In recent weeks Dundee and Angus have seen an upturn in oil and gas related work, with Certex a lifting gear and steel rope supplier for the offshore sector expanding its presence in Montrose, and Houston-based National Oilwell Varco moving into new premises at Dundee’s West Pitkerro Industrial Estate after outgrowing its long-term base in Angus.
Dundee-based MSP Jenny Marra queried whether any formal scoping exercise had been carried out into the scale of the oil and gas dividend opportunity.
She said that from anecdotal conversations she’d had, it appeared that firms operating in the sector were happy to spend the cash required to establish and maintain a base in Aberdeen.
Director of city development Mike Galloway said Dundee City Council was working in partnership with the City of Aberdeen to help it through the current “overheating” situation that had developed as investment in the North Sea grew.

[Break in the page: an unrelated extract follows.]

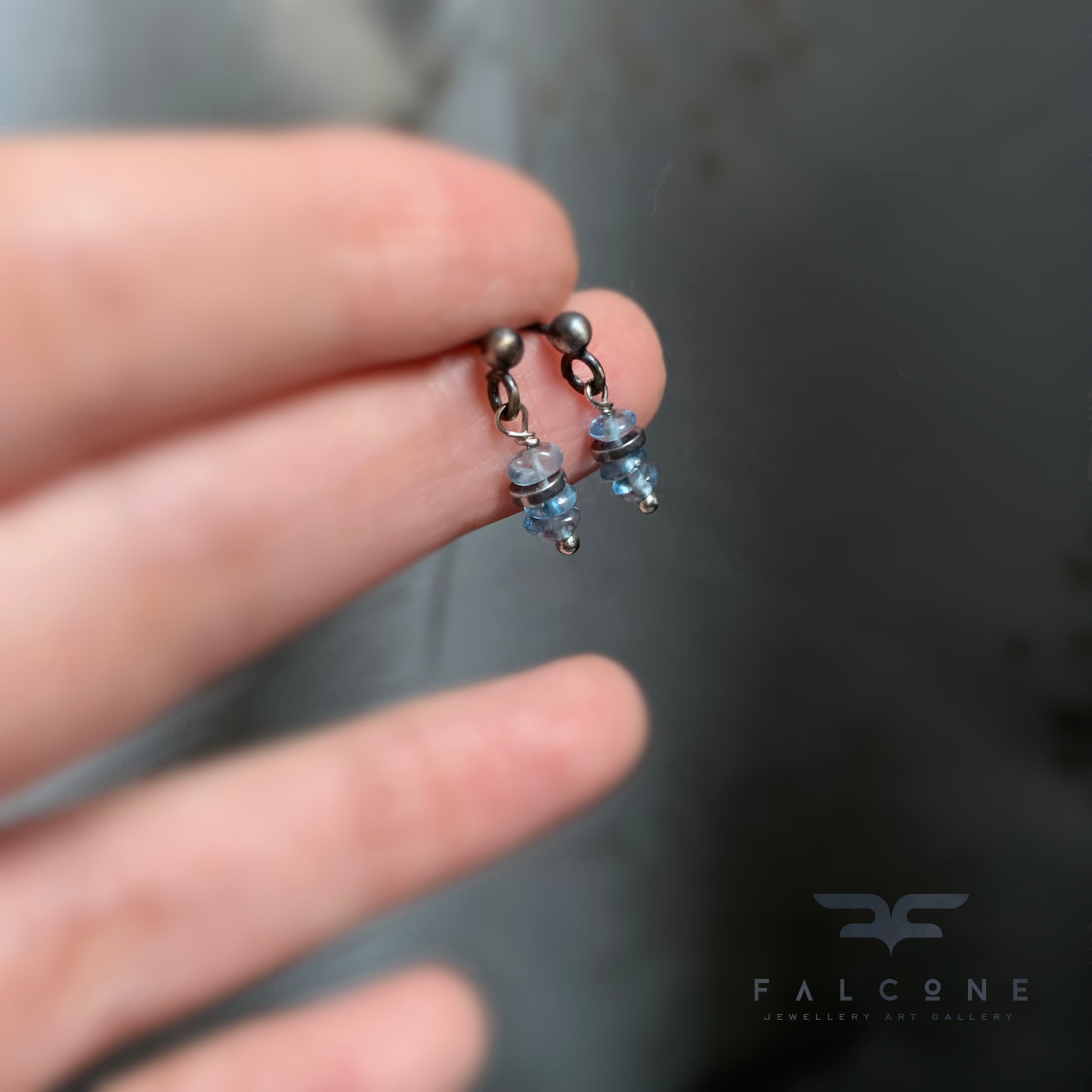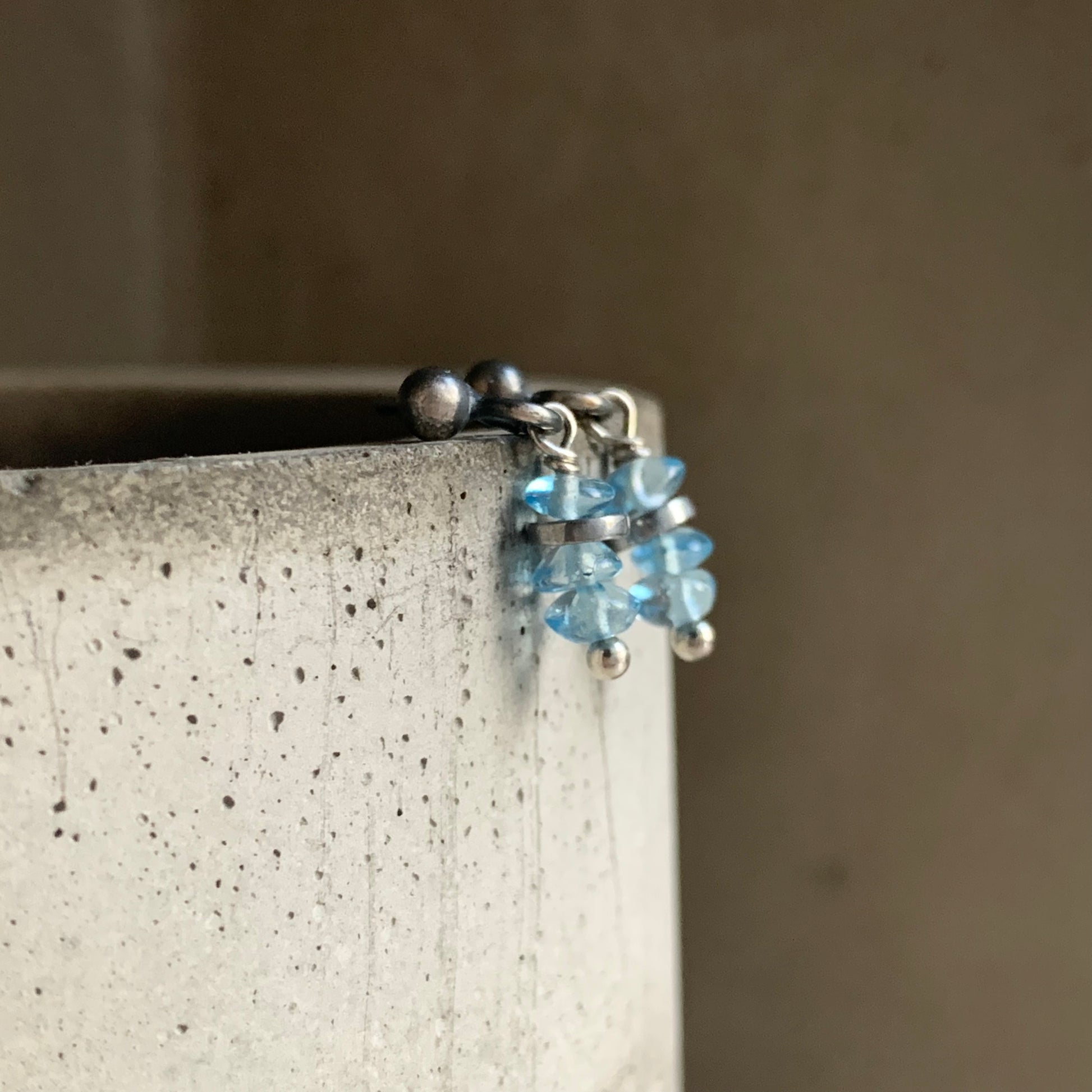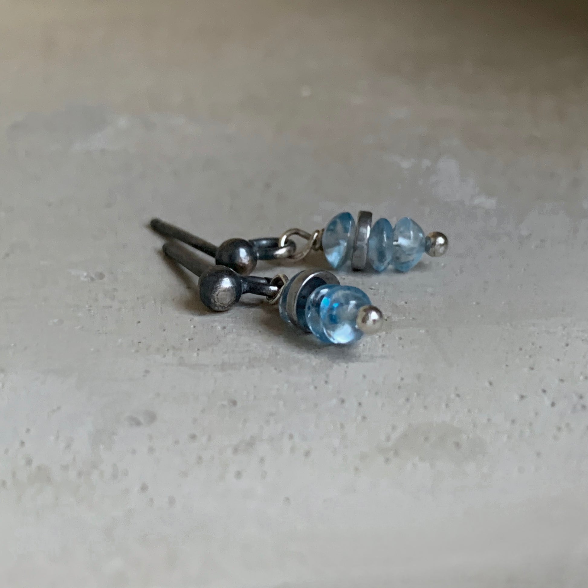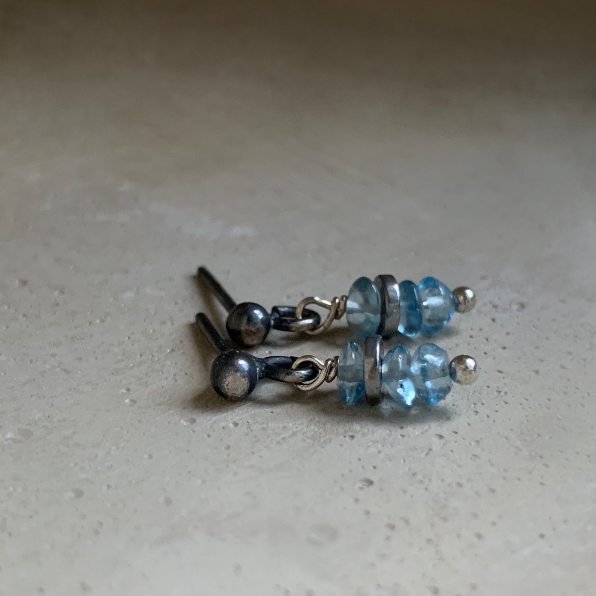 Earrings made of sterling silver and topaz. The stones are smooth-polished, irregular topaz rondelles in a light, transparent blue reminiscent of a clear sky.

Mr Galloway told delegates he expected oil and gas would “feature quite heavily” in Dundee’s economy in future as a result.
He said oil and gas firms tended to bunch together on industrial estates in and around Aberdeen, but there were opportunities for developing that sector elsewhere.
However, on an immediate basis he said Dundee was well placed to assist with the skills shortage in the industry.
“Over the last year we have had several sessions up in Aberdeen where we have given presentations to the business community there,” Mr Galloway said.
“There is a lot of cash wallowing around up there (amongst oil and gas firms) but very often they like to stay together in a locational sense. But what they are really suffering from is a skills shortage, and Dundee can definitely benefit from that.”